═══ DATASET RECORDS ═══

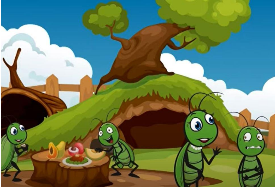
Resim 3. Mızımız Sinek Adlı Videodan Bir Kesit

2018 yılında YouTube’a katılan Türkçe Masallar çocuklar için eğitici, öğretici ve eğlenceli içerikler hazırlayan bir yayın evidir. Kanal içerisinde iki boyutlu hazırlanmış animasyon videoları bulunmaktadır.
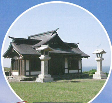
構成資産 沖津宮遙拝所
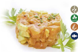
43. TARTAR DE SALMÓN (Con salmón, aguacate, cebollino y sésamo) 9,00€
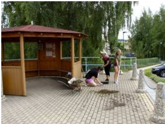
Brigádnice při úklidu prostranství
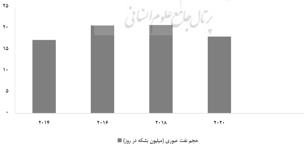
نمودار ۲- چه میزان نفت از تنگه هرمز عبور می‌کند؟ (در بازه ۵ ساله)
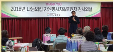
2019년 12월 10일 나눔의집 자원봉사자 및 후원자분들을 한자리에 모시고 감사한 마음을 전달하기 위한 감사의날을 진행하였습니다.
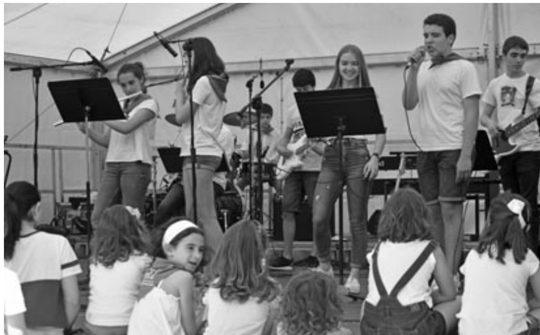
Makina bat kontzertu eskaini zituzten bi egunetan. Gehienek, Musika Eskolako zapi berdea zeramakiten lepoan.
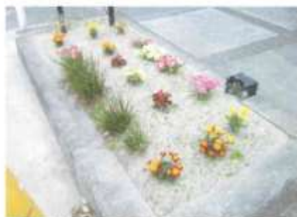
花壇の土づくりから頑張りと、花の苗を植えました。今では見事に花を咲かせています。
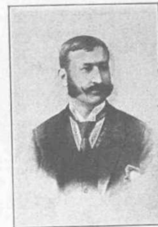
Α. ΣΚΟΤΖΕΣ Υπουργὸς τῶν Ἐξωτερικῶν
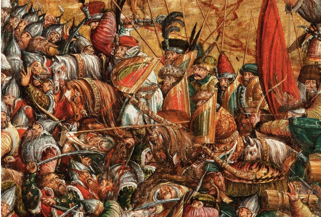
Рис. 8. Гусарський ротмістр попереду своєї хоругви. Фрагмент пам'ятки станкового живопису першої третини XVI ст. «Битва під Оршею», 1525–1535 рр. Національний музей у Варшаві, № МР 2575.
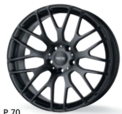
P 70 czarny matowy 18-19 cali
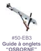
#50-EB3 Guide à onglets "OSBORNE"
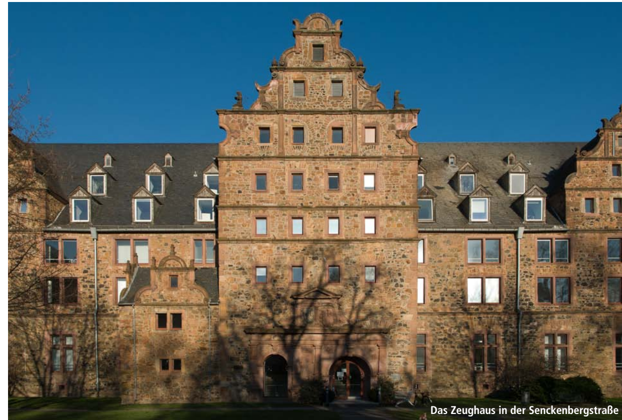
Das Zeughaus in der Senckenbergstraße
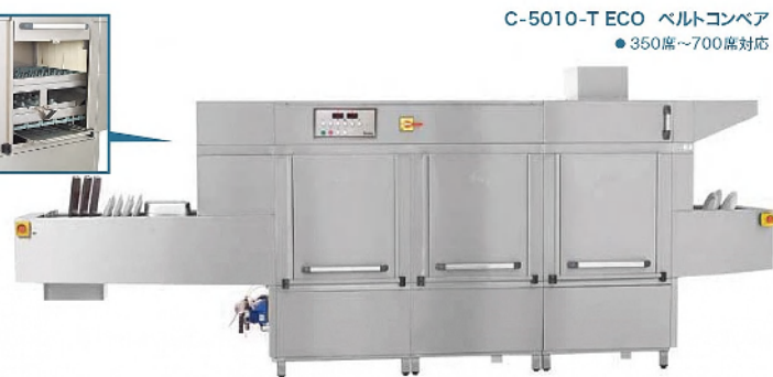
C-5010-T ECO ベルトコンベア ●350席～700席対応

═══
═══ DATASET RECORDS ═══

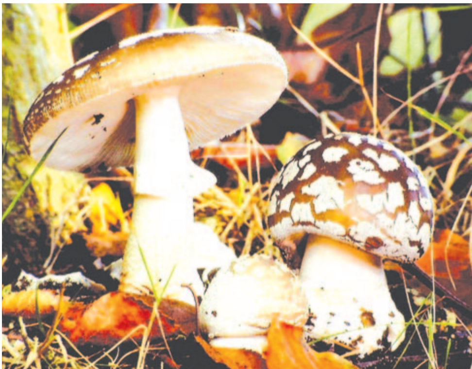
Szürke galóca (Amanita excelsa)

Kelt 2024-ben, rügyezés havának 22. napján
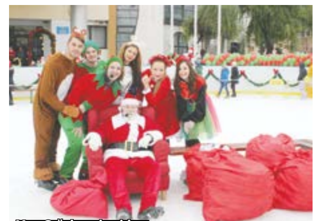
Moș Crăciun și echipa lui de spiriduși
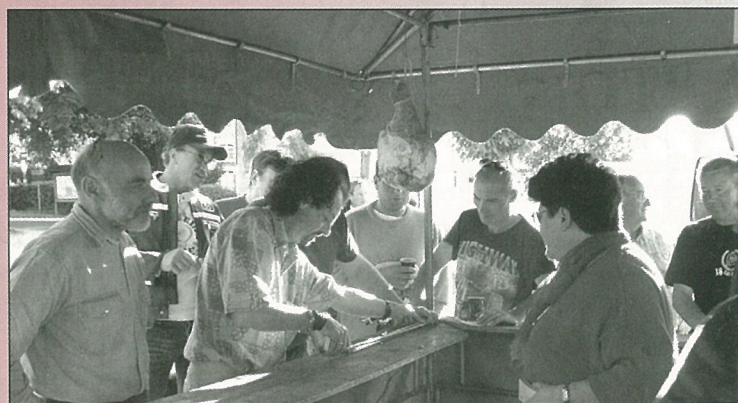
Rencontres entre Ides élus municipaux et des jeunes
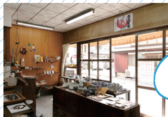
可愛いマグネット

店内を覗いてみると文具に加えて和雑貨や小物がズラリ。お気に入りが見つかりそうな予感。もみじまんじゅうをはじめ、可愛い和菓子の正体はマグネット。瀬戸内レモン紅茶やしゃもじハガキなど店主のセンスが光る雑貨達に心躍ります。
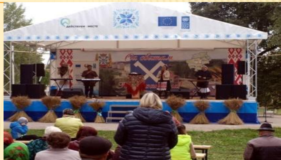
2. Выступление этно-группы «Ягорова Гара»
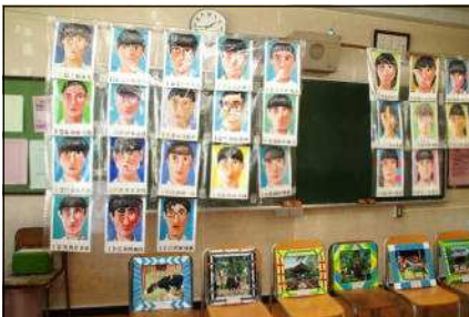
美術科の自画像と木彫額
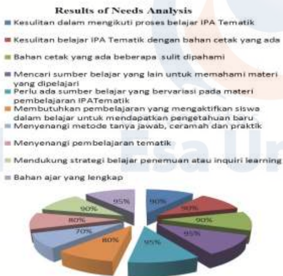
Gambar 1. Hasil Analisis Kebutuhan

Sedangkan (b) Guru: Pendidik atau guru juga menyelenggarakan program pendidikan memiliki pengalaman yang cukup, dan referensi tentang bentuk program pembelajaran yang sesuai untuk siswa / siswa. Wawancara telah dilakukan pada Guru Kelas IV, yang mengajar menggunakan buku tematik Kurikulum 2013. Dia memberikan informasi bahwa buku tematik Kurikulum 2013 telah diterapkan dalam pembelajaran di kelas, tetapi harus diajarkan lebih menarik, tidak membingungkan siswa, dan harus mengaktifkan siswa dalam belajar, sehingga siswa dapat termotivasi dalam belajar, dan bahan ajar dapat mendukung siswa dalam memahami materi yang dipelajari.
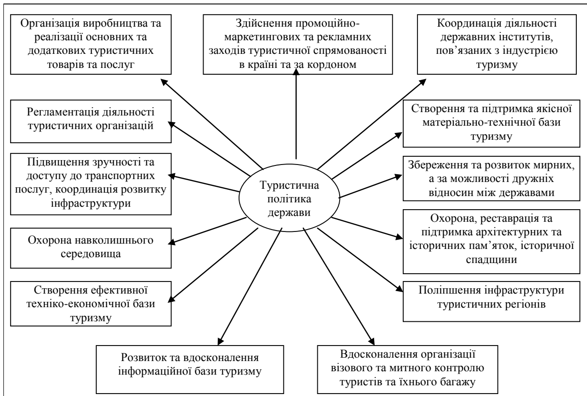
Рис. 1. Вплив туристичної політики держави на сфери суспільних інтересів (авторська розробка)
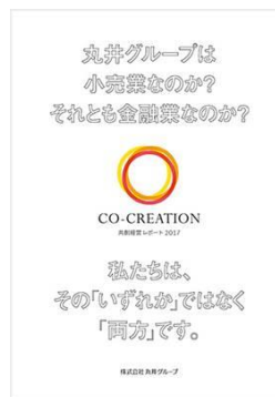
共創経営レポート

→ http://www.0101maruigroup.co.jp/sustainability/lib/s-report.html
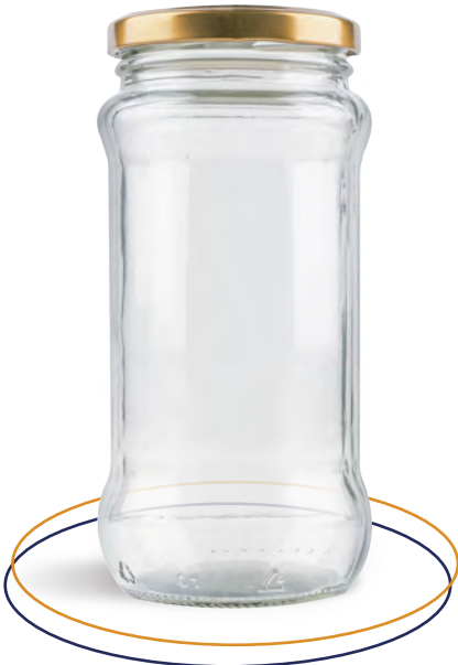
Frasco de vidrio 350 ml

═══

▸ EXERCISE:
Excluding any pictures, print exactly the lines of the listing above from the line with "Α. ΣΚΟΤΖΕΣ Υπουργὸς τῶν Ἐξωτερικῶν" to the line with "C-5010-T ECO ベルトコンベア ●350席～700席対応", both ends included.

▸ SOLUTION TO THIS PROBLEM:
Α. ΣΚΟΤΖΕΣ Υπουργὸς τῶν Ἐξωτερικῶν
Рис. 8. Гусарський ротмістр попереду своєї хоругви. Фрагмент пам'ятки станкового живопису першої третини XVI ст. «Битва під Оршею», 1525–1535 рр. Національний музей у Варшаві, № МР 2575.
P 70 czarny matowy 18-19 cali
#50-EB3 Guide à onglets "OSBORNE"
Das Zeughaus in der Senckenbergstraße
C-5010-T ECO ベルトコンベア ●350席～700席対応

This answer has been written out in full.